HPC Kubernetes Architect
Location: Dallas, TX

Overview

This organization is backed by dedicated leadership and investment, with a clear mission as it operates at the bleeding edge of technology. Its goal is to scale and enhance high-performance computing (HPC) and cloud infrastructure that supports clients' research, production, and delivery, enabling breakthroughs that shape the industries of tomorrow. Its engineers build critical infrastructure to eliminate friction in scientific research, simulations, analysis, and decision-making, accelerating discovery and driving faster innovation.

As an HPC Kubernetes Solutions Architect, you will act as a trusted advisor to customers, guiding them through the design, integration, and adoption of GPU-accelerated Kubernetes platforms purpose-built for high-performance computing (HPC), AI/ML training, simulation, and scientific workloads.

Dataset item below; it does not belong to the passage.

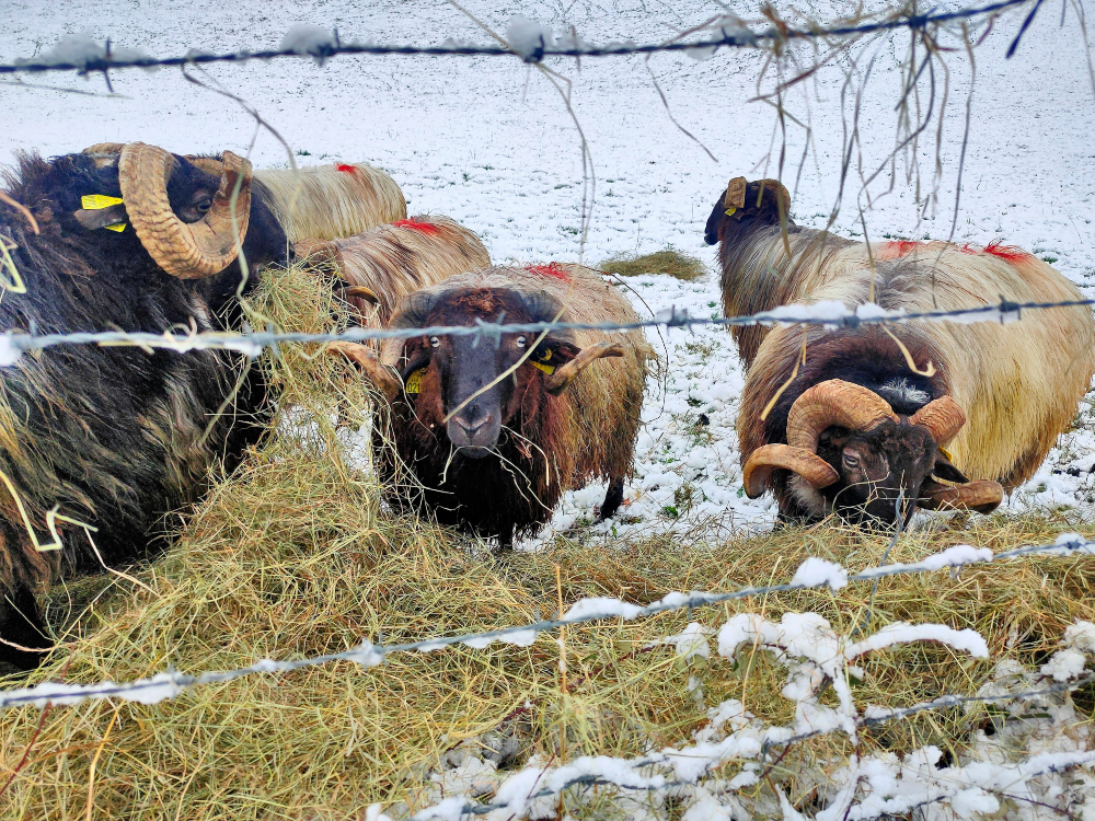 À l’automne, la météo change. Les nuits étant plus fraîches et l’herbe se faisant plus rare là-haut, il est temps de rejoindre les prairies enherbées et la bergerie. Cet hiver, les premiers agneaux ont pointé le bout de leur museau avec les premiers bêlements.

This is a customer-facing architecture role with accountability across the entire solution lifecycle — from early discovery and requirements analysis, through reference architecture design, proof-of-concept delivery, and deployment, to long-term optimization and platform evolution. You will be responsible for creating architectural blueprints and integration strategies that enable customers to achieve measurable performance and scalability outcomes, while preparing them for future growth and technology shifts. In addition, you will collaborate closely with product, engineering, and operations teams, ensuring customer feedback informs roadmap priorities and helping define the next generation of Kubernetes-based HPC orchestration. This role is ideal for someone who combines deep technical expertise in Kubernetes and GPU orchestration with the ability to engage customers as a solution strategist, aligning today's workloads with tomorrow's innovation.

Key Responsibilities

Customer Engagement & Architecture
- Act as the primary architectural point of contact for customers adopting GPU-accelerated Kubernetes platforms for HPC and AI/ML workloads.
- Partner with customers to capture workload requirements, performance objectives, scaling needs, and integration constraints, translating them into reference architectures and actionable solution designs.
- Lead proof-of-concept and benchmarking engagements, using profiling tools, workload characterization, and telemetry to validate solution performance and scalability.
- Provide architectural leadership during onboarding and deployment, ensuring successful integration of Kubernetes clusters with HPC schedulers and enterprise IT systems.
- Represent the organization at customer design sessions, technical workshops, and industry conferences, positioning yourself as a thought leader in Kubernetes for HPC.
- Share future insights with customers on GPU roadmaps, interconnect advancements (e.g., InfiniBand, RoCE, NVLink), and container orchestration trends.

Platform & Infrastructure
- Architect and operate Kubernetes clusters optimized for GPU workloads, leveraging NVIDIA GPU Operator, Network Operator, DCGM, and device plugins.
- Integrate and tune Multi-Instance GPU (MIG), GPU sharing, and scheduler extensions (e.g., Volcano, Slurm integration, kube-scheduler plugins) to maximize efficiency in multi-tenant environments.
- Develop or extend custom Kubernetes operators and controllers in Go/Python to automate HPC infrastructure services.
- Design and recommend secure multi-tenant Kubernetes environments, implementing RBAC, OPA/Gatekeeper policies, namespace isolation, and workload quotas.
- Define and document integration strategies across compute, storage, networking, and orchestration layers, including CNI plugins (NVIDIA CNI, Multus, Cilium), storage systems (Lustre, GPFS, Ceph, VAST), and container runtimes (containerd, NVIDIA Container Toolkit).
- Drive observability and monitoring solutions with Prometheus, Grafana, DCGM Exporter, and OpenTelemetry, ensuring visibility into GPU health, cluster utilization, and workload performance.
- Support GitOps-driven CI/CD pipelines for Kubernetes infrastructure using ArgoCD, FluxCD, Helm, and Kustomize.
- Collaborate with HPC, ML, and DevOps teams to validate performance and scalability in hybrid or on-premise environments.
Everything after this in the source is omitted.